Must-know: Analyzing Western Gas Partners' 1Q14 earnings (Part 4 of 6)
Western Energy Partners’ (WES) affiliation with Anadarko Petroleum Corporation (APC) has been beneficial to the company in order to grow and execute its business plans. The general partner of WES is indirectly controlled by Anadarko through WGP. Anadarko is one of the largest upstream oil and gas exploration and production companies in the world. As of December 31, 2013, WGP owned a 41.2% limited partner interest and 2.0% general partner interest in WES.
In 2013, 57% of the gathering, transportation, and treating throughput of WES was owned or controlled by Anadarko. Of the total processing throughput for 2013, 56% was owned or controlled by Anadarko. These exclude WES’s equity investments in various assets.
In the company’s natural gas gathering systems of Wattenberg, Dew, Pinnacle, Haley, Helper, Clawson, and Hugoton, Anadarko has dedicated all the wells that have been drilled within one mile of wells connected to these gathering systems. WES is also able to use APC’s management efficiency and expertise in managing its resources.
Since its IPO in 2008, WES received eight different dropdowns from Anadarko worth approximately $2.68 billion. Recently, in March 2014, WES acquired a 20% interest in Texas Express Gathering LLC (TEG) and Texas Express Pipeline LLC (TEP) each, and a 33.33% interest in Front Range Pipeline LLC (FRP), from Anadarko.
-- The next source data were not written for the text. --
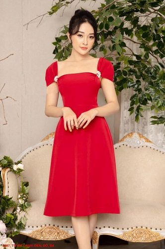 ĐẦM XÒE CỔ VUÔNG TAY NGẮN - 2397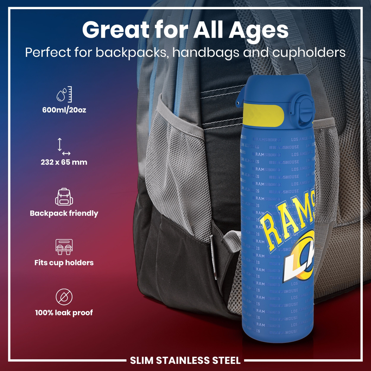 Leak Proof NFL Water Bottle, Stainless Steel, Los Angeles Rams, 600ml (20oz)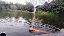 Golden retriever attacked by black swan when swimming in lake in China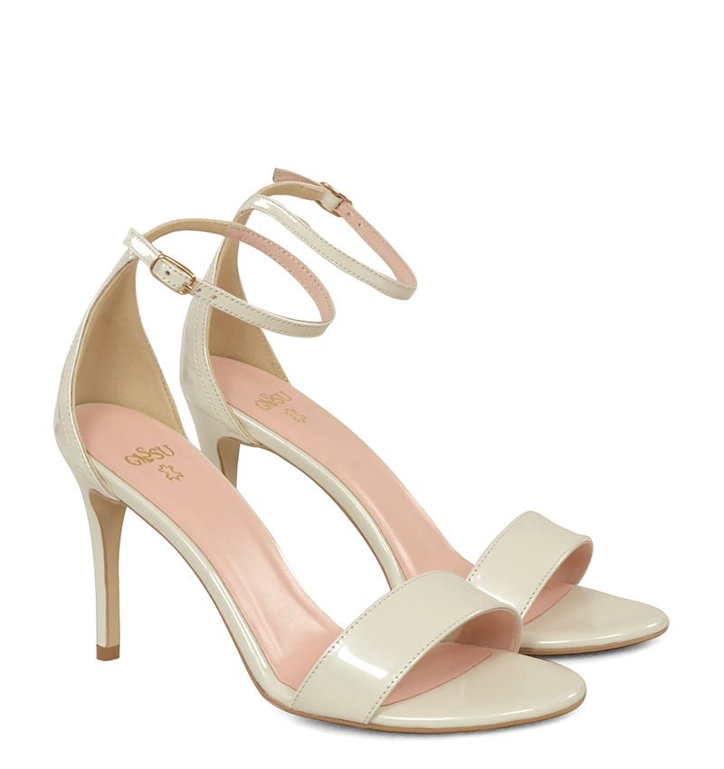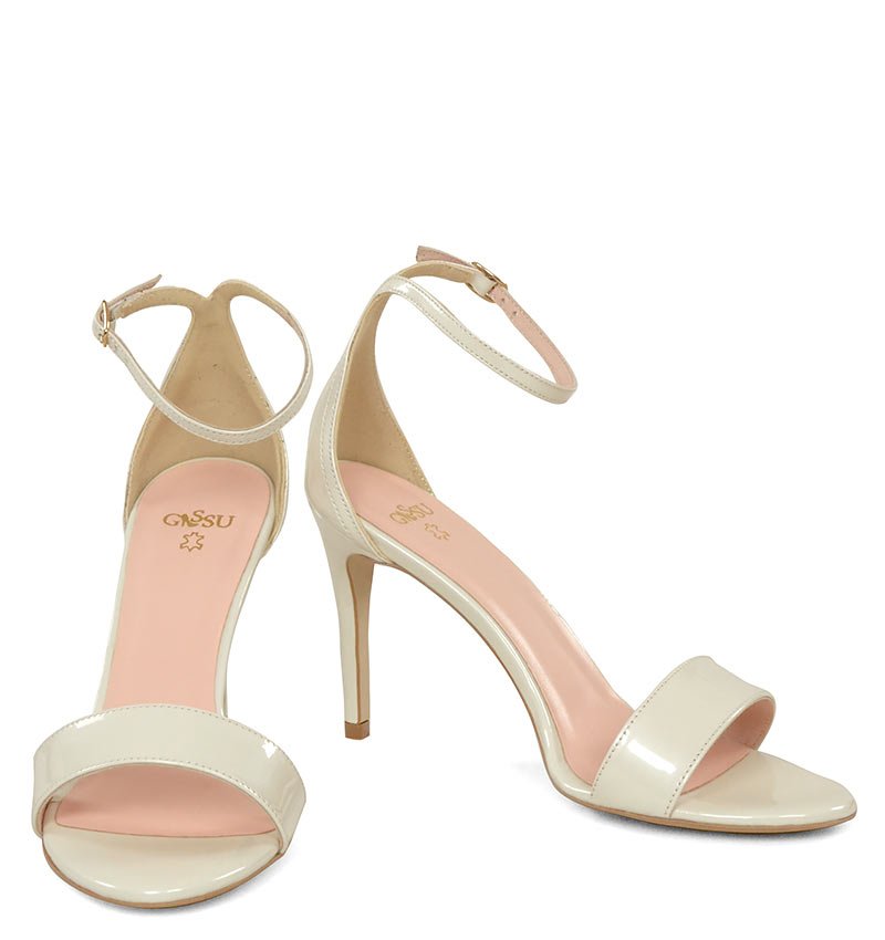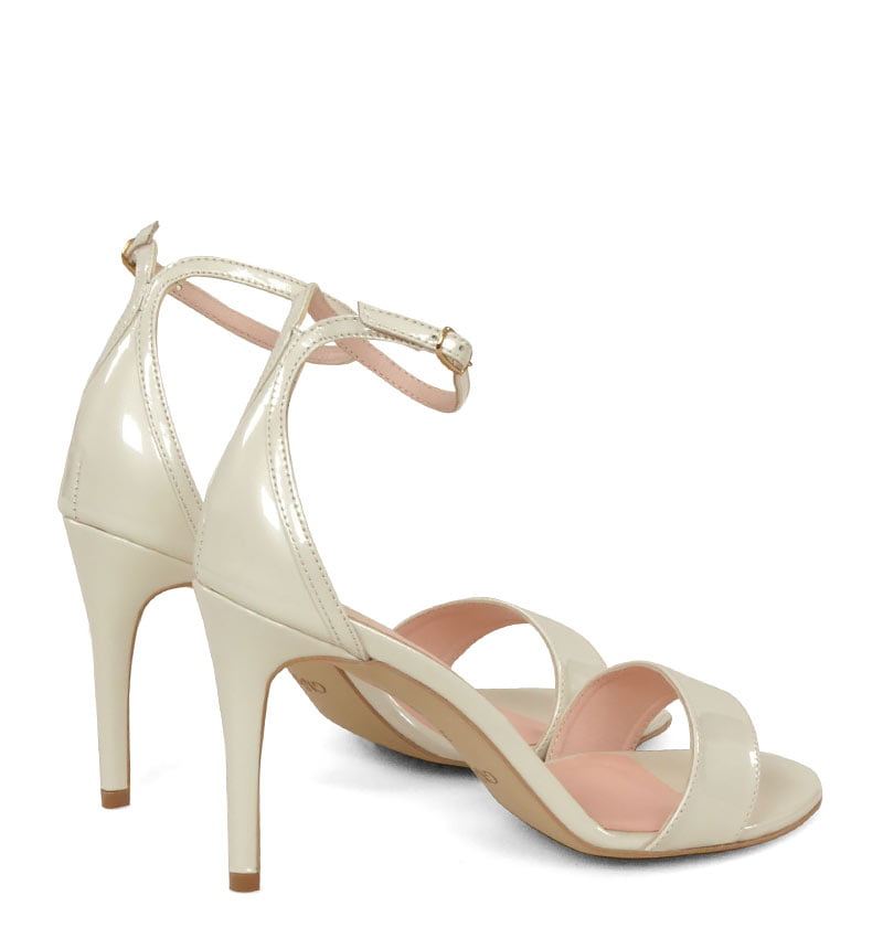 ELLA – Ecru sandałki na szpilce lakierowane

A large part of WES’s facilities that supply to Anadarko have long-term agreements that ensure cash flow stability for WES. Anadarko has retained commodity-price risk related to dropdown assets, as 99% of gross margin from Anadarko has fixed price and is fee-based while only 1% of the gross margin in unhedged. In the MIGC transportation system at the Powder River Basin of Wyoming, WES has a firm transportation agreement with Anadarko for 40 million British thermal units per day that extends through October 2018. The facility also has 11 million British thermal units per day under backhaul service agreements that are renegotiated on an annual basis through May 2014. In the Granger straddle plant with refrigeration capacity of 200 million cubic feet per day capacity, the processing contract expires in December 2014. In the OTTCO transportation system, extending between Sweetwater, Lincoln, and Uinta Counties in Wyoming, WES has short-term contracts with Anadarko for contracts generally extending less than one year.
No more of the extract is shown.